How to compare between two numpy arrays of different sizes and return an index column with common elements?

Question

How to compare between two numpy arrays of different sizes and return an index column with common elements?

For obvious reasons, I have two numpy arrays with different sizes with an index, as well as xyz coordinates, and the rest just contain coordinates. (please ignore the first serial number, I cannot understand the formatting.) The second array does not have less. coordinates and I need the indices (atomID) of these coordinates from the first array.
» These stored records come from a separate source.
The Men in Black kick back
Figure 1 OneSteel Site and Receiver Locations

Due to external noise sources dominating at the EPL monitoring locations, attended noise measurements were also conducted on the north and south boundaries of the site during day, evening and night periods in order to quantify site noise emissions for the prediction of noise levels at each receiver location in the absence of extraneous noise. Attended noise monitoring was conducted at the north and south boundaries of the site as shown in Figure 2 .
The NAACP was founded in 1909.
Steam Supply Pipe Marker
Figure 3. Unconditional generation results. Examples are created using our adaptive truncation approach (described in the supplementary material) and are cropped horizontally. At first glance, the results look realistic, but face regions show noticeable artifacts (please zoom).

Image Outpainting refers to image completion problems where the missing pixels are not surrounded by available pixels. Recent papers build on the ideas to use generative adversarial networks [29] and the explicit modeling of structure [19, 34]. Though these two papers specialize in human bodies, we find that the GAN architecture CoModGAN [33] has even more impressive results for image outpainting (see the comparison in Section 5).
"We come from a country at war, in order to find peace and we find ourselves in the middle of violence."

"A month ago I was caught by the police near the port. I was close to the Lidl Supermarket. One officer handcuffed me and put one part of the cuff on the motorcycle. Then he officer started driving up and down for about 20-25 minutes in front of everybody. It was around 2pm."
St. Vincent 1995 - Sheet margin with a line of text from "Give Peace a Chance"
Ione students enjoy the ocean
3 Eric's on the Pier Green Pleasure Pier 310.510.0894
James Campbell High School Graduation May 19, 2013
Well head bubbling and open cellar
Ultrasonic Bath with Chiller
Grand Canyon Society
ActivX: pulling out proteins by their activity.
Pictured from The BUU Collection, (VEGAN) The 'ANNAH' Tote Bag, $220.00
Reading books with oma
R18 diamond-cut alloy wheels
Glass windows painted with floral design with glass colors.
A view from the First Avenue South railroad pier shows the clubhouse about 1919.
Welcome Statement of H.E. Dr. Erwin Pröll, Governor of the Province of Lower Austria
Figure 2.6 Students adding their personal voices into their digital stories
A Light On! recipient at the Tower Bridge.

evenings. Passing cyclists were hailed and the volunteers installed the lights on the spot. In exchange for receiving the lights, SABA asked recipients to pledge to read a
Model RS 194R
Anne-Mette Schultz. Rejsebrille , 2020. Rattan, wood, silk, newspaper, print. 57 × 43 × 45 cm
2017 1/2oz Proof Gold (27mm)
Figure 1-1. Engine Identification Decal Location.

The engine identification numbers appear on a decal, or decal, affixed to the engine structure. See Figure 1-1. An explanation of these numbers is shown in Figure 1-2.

Array1 (with index column):

serialNo. moleculeID atomID xyz

1 1 2 0 7.7590151 7.2925348 12.5933323
2 1 2 0 7.123642 6.1970949 11.5622416
3 1 6 0 6.944543 7.0390449 12.0713224
4 1 2 0 8.8900348 11.5477333 13.5633965
5 1 2 0 7.857268 12.8062735 13.4357052
6 1 6 0 8.2124357 12.1004238 14.0486889

Array2 (only coordinates):

xyz

7.7590151 7.2925348 12.5933323
7.123642 6.1970949 11.5622416
6.944543 7.0390449 12.0713224
8.8900348 11.5477333 13.5633965

In the array with the index column (atomID) the indices are indicated as 2, 2, 6, 2, 2 and 6. How can I get the indices for coordinates that are common to Array1 and Array2. I expect to return 2 2 6 2 to the list and then combine it with the second array. Any simple ideas?

Update:

Tried using the following code, but it doesn't seem to work.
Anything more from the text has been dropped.